# DO NOT Buy the Magnum Wheel



## Trenix (Aug 30, 2013)

I know that I haven't been active as usual but it's time for me to make some noise after a very horrible experience with a company which only cares about money and not the animals that it makes the products for. This is the customer support that I've received from them and how they handled my situation. The company is called AtticWorx.com the makers of the stealth wheel.

*Me*



> I spoke to Charlie two days ago and he has told me to ship out and return my Magnum wheel being that it has hurt my rat's feet and they've even walked with a limp afterwards. I'm 100% certain that it was the wheel, being that the only two rats which actually use the wheel had hurt feet. I've done everything to sanitize and clean my rat cage and the wheel to rule out bumble foot. The netting of the wheel has to be the cause of them getting hurt. Charlie told me to provide pictures so here there are.
> 
> Pic 1
> Pic 2
> ...


*AtticWorx Inc.*



> HI Bartosz, we are looking forward to getting this back. We have never heard of this type problem. So we want to take a close look at this wheel and see if there is anything we can do to prevent it happening again.
> 
> Anita





> Hi Bartosz. Let me get you caught up. I wanted to look the wheel over to see if there was a problem with it and to see if we need to make any changes.
> 
> 
> 
> ...


*Me*



> I'm truly sorry that you feel that your wheel is not at fault. However I can provide pictures of the same rat's feet and they've healed almost completely after their wheel has been missing for weeks. I've not done anything different nor removed anything else from my cage besides the wheel. The sharp parts that you were talking about are most definitely on the outside part of the wheel, which doesn't explain how my rat's feet were injured. As I said, I own four rats, two in which don't use the wheel and haven't had any of these problems unlike the two who do use the wheel. Rats are also rodents, as a manufacturer you should of known that they will chew. It would be abnormal if they didn't. The fact that my rats may chew something on the wheel which would result in an injury is not on me, it's completely on you. In fact, I'm extremely offended that you would blame me for the injuries.
> 
> But the reality is that it wasn't the plastic that injured my rats, nor was it that the nets were sharp. It's the fact that the netting was so thin that they sliced in-between my rat's toes. The fact that the scabs were found in-between their toes completely backs up this theory. Rats are not as small as many people believe, we're not talking about mice here, they weigh more than sugar gliders. Instead of doing your own testing so you can try to prove me wrong or trying formulate a reason to not refund my money, you could of just contacted me directly. We could of both came up with a resolution together, so as a customer I could of been happy and you could of found a way to improve your product. However nowadays it seems like all we really care about is money, right? Well that's completely fine, there is nothing more to talk about. All I would like is a refund, you don't have pay for the shipping as a courtesy for the customer. Paying for the shipping to get rid of this wheel was for the good of my pets so I regret nothing.


*Summary*

In short, do not buy the mangum wheel for rats or even the stealth wheel. It's mostly made out of plastic and the stand that comes with it would not hold still unless something else is holding it down, which defeats the whole purpose of it. The netting is also extremely thin that it will slice up your rat's feet. The wheel is made out of bucket parts for crying out loud and it's FAR from worth the price. This product is a flatout rip off and I'm surprised that my wheel is not going to get destroyed, but rather being donated to hurt another rat. This company cares nothing about the animals, do not buy from them!


----------



## susb8383 (Feb 24, 2007)

I know this post is a few years old, but I feel compelled to respond to it.

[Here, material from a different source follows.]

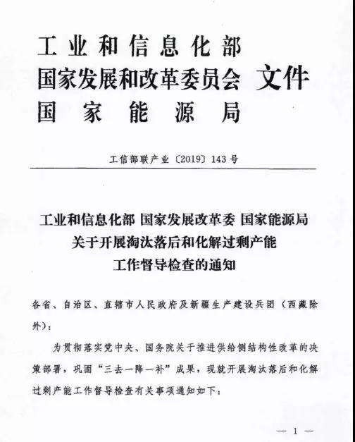根據馮飛常務副省長、高興夫副省長在《工業和信息化部 國 家發展改革委 國家能源局關于開展淘汰落后和化解過剩產能工 作督導檢查的通知》(工信部聯產業〔2019〕143 號)(以下簡稱 《通知》)上的批示要求,為做好國家督導檢查準備工作,現就 有關事項通知如下: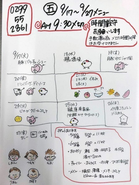 お弁当は当日午前9時40分締め切りです。

In full disclosure, I sell the Stealths, Magnums, and Freedom wheels (through my own store; I have no relation to AtticWorx).

I'm really sorry about your rat getting injured. But...I've had Stealths and Magnums in my rat cage for probably about 10 years. My rats run on them constantly. I know lots and lots of rat owners use both of them. The mesh track has not changed in decades. I have a really hard time believing there's a problem with the track being too thin. If that were the case, there would be lots of injured rats, and yours is the first I've heard of. 

Also, as far as saying that Anita and Charlie are only in it for the money and don't care about pets, that's so far from the truth. They're really nice people and they are one of the only companies I know of that test and test and test some more before bringing a product to market. They are originally sugar glider owners and care about pets. I don't think any other company would have wanted the wheel back and then tested it so thoroughly.

I am truly sorry your rats got injured. I tend to agree with their assessment that it resulted from chewed plastic. I just really don't see how the track could be at fault.

On a side note, they now have a new wheel called the Freedom wheel that is made entirely out of a more rigid plastic, not bucket lids, and does not have any kind of separate track piece. We've been using it for a year and love it.


----------